The sadness of the pink kirtle.

Pink wool gown of disaster
Pink wool gown of disaster

Some of you may remember a long time ago now, I had an absolute disaster with a pink, woolen, early 14th century gown which the colour ran out of and the ensuing trials and tribulations of trying to get it back to a sort-of even colour to make it wearable.

After all the washing with red things in washing machines- an approach I NEVER take with my medieval clothes, I remarked how the wool had felted and the gown had shrunk a touch. I expressed hope at the time that I might still fit into it, but didn't really think I would. 

Brand new. Worn one at home for photos. Hand stitched for hours. Colour still slightly patchy, but not so much I wouldn't wear it, but to sell, I couldn't ask a sensible price... so... today I tried it on.

I managed to wriggle my way unceremoniously into it but it was very tight around the bust and squished the girls into a weird-looking uni-boob which covered half of my chest. 

The rest of it fit like a dream.
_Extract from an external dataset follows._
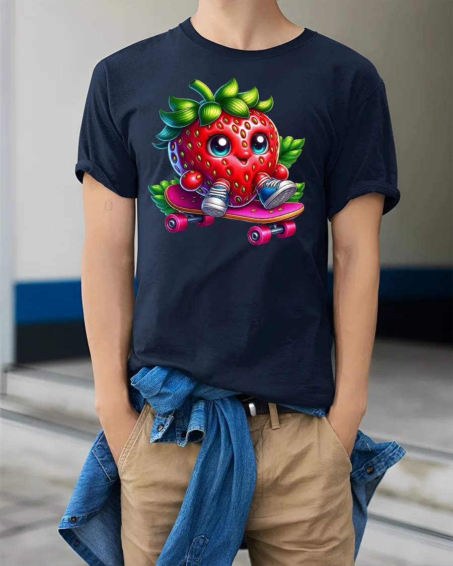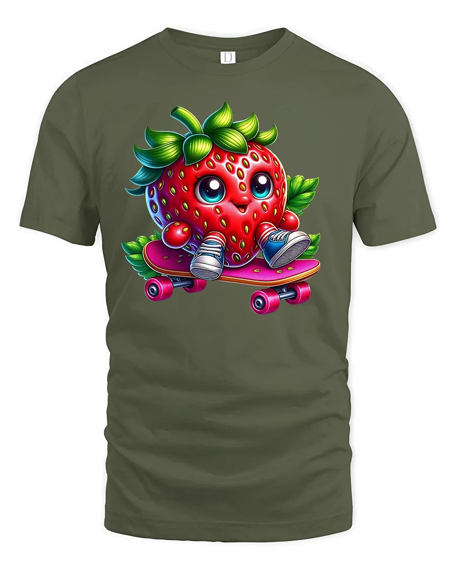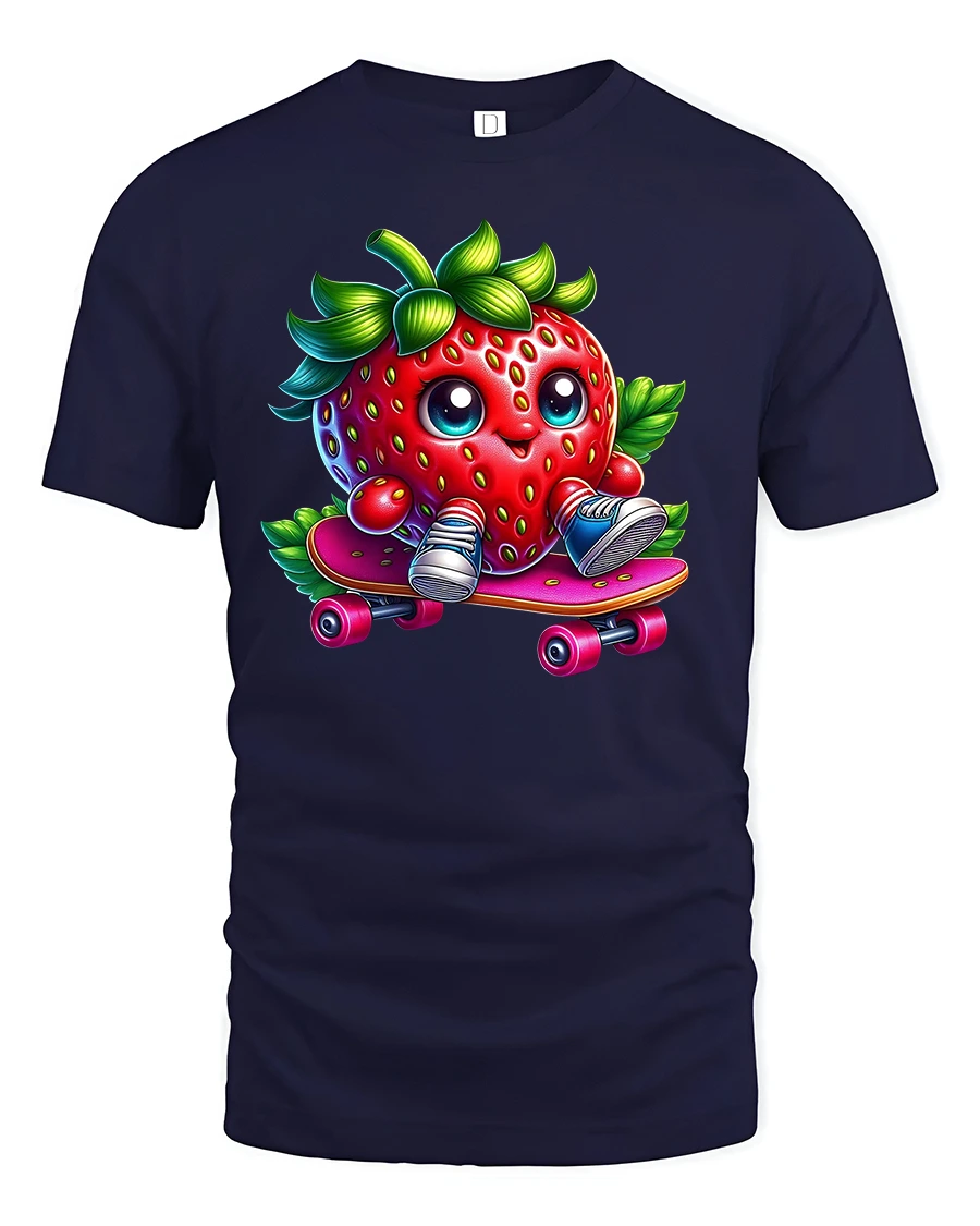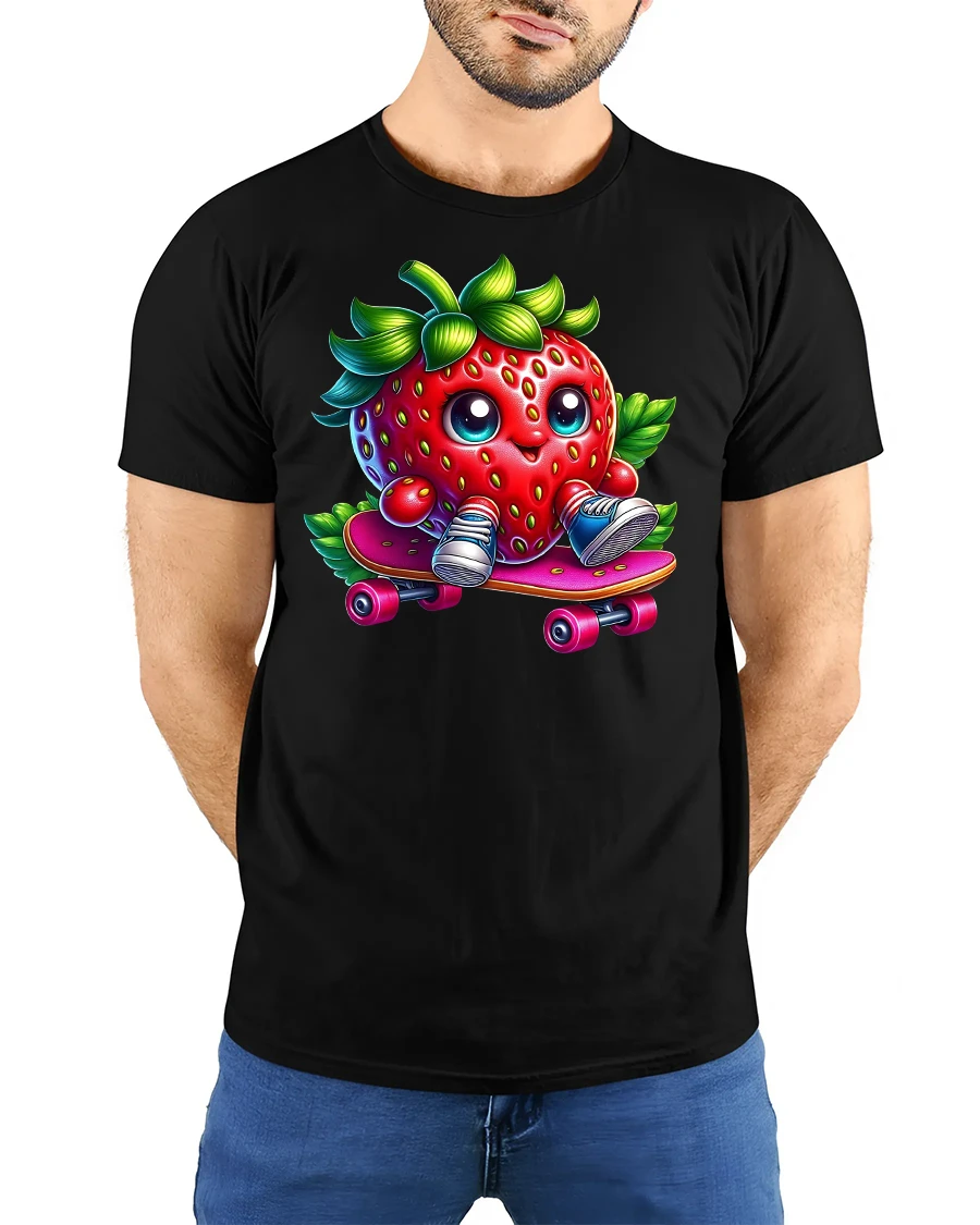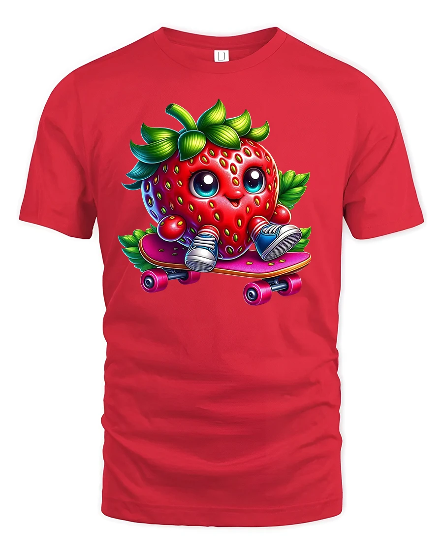 Featuring a cute strawberry character riding a skateboard with bright, vivid details, this tee is perfect for those who love quirky, cheerful designs that make everyone smile.

The train is now floor length, so that wasn't an issue, however the flat, uni-boob looked awful and the tension on the side seams made me think that it would tear after a few hours wear.

Obviously, the answer here is to add some little underarm gores into the seam to give the bust a little more breathing room, but since the fabric has been rewashed and redyed several times at this point, I have nothing to match it with.

If the train was still long, I could trim that and construct little gores from that, but the shrinkage has taken that option away. I'd say the whole garment has shrunk about two and a bit dress sizes. Good thing it was so generously cut in the first place.

All I can think of, is that if I lose the Covid weight I've gained- about a dress size if I'm being honest with myself- I will fit into it.